We could also add a PR template where people are confronted with e.g. disclosing LLM usage if used, not sure what you think about this?

I like that too

ianna · 2026-01-28T10:24:37Z

Hi @ianna, thanks for putting this up, I'm generally happy with this guideline, and also thanks for updating the maintainer list. The coding agent landscape is so rapidly changing that we likely have to adopt this guideline from time to time, but that's a price we have to pay in this rapidly evolving field.

I think @henryiii has a good point and I think we should add the "unsolicited" word. I can imagine that we do want to ask AI in some cases explicitly for e.g. review help/summary in addition to our 'human' review.

We could also add a PR template where people are confronted with e.g. disclosing LLM usage if used, not sure what you think about this?

The labeling is interesting from a metric point of view: we can in 1-2 years from now see how PR contributions have shifted to potentially more AI driven contributions. Labels allow us to filter PRs and use Github's REST API to create some interesting plots in the future, there may be a chance to learn something about how software engineering with AI shifts for our field.

Good points! BTW, since we are in EU we need to add something like "This documentation was refined with AI assistance" to prepare for the 2026 regulations. I haven't found the US regulations yet - @henryiii perhaps you do?

TaiSakuma · 2026-01-28T13:57:00Z

@TaiSakuma - please, suggest other two categories as you've mentioned in your document. Thanks

@ianna - which two categories are you referring to?

I was wondering if those labels (or a different set) would work for the pr triage, e.g. the five outcomes of it.

I intended these five outcomes to be for the AI triage to categorize PRs into, so as to save human reviewers time. If people spend enough time on a PR to put it into a category, they've just reviewed the PR. Their time isn't saved.

I can experiment with the AI triage on a different branch or a fork. If that works, we can roll out to the main branch of the main repo.

ianna · 2026-01-28T15:10:30Z

@TaiSakuma - please, suggest other two categories as you've mentioned in your document. Thanks

@ianna - which two categories are you referring to?

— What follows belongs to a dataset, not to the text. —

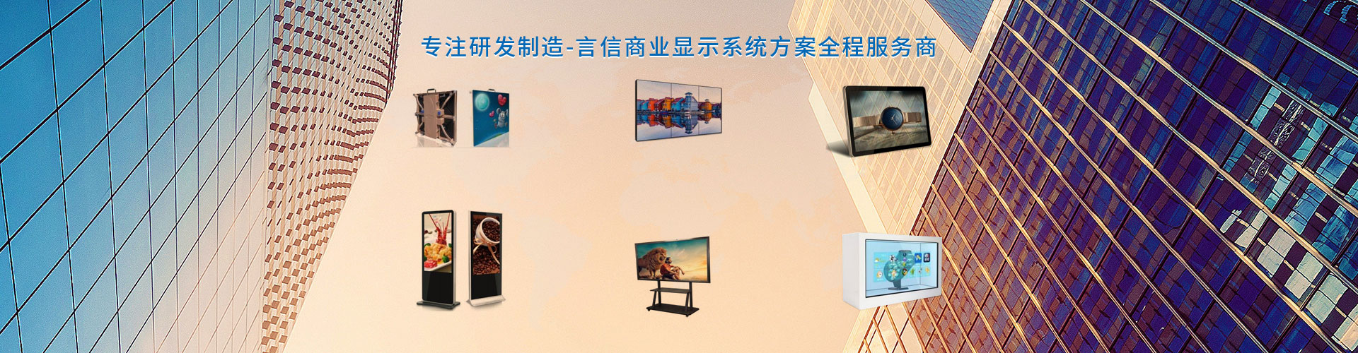 深圳言信電子科技有限公司是一家專業數字商用顯示設備集研發,生產,銷售和服務為一體的產品供應和顯示方案定制解決的科技企業。公司于2015年在成立深圳市言信電子科技有限公司,旗下擁有多家業務子公司。公司自成立以來一直恪守“誠信鑄就品質,創新引領未來”的經營理念,秉承“誠信、實惠、原創、信賴”的承諾,立足產業發展,放眼全球行業布局,以“共贏、共享”的經營方式,幫助客戶提升其行業競爭力。言信公司推出的“YeSing言之信”品牌商業顯示設備系列產品。攜手全球知名的LCD廠商致力打造高端,高性價比和優良的服務體驗的商業顯示設備和顯示工程方案供應商。核心系列產品主要包括:液晶拼接顯示屏、小間距高亮LED顯示屏、液晶監視器、室內外數字多媒體廣告機、觸控查詢一體機、教學和會議交互式一體機、透明液晶顯示柜和OLED多媒體設備等產品。產品通過和取得了3C、CE、FCC、RoSH、能效和ISO9001證書和測試報告,并獲得中國質量、服務、誠信5A級企業,質量檢驗、國家標準合格產品,中國名優產品等稱號。言信產品主要應用在政府機關、電力、能源、石油化工、軍隊、人防、公檢法、交通、通信等各企事業單位,也可以適用酒吧、酒店、KTV 、 商超,滿足客戶安防監控調度、應急指揮、展覽展示、教育培訓、會議等各行業顯示和宣傳需求。

I was wondering if those labels (or a different set) would work for the pr triage, e.g. the five outcomes of it.

I intended these five outcomes to be for the AI triage to categorize PRs into, so as to save human reviewers time. If people spend enough time on a PR to put it into a category, they've just reviewed the PR. Their time isn't saved.

I can experiment with the AI triage on a different branch or a fork. If that works, we can roll out to the main branch of the main repo.

Excellent idea! Thanks @TaiSakuma

henryiii · 2026-01-28T15:30:04Z

For an example of a maintainer requested AI PR, scikit-hep/boost-histogram#1076 (requested in scikit-hep/boost-histogram#1074)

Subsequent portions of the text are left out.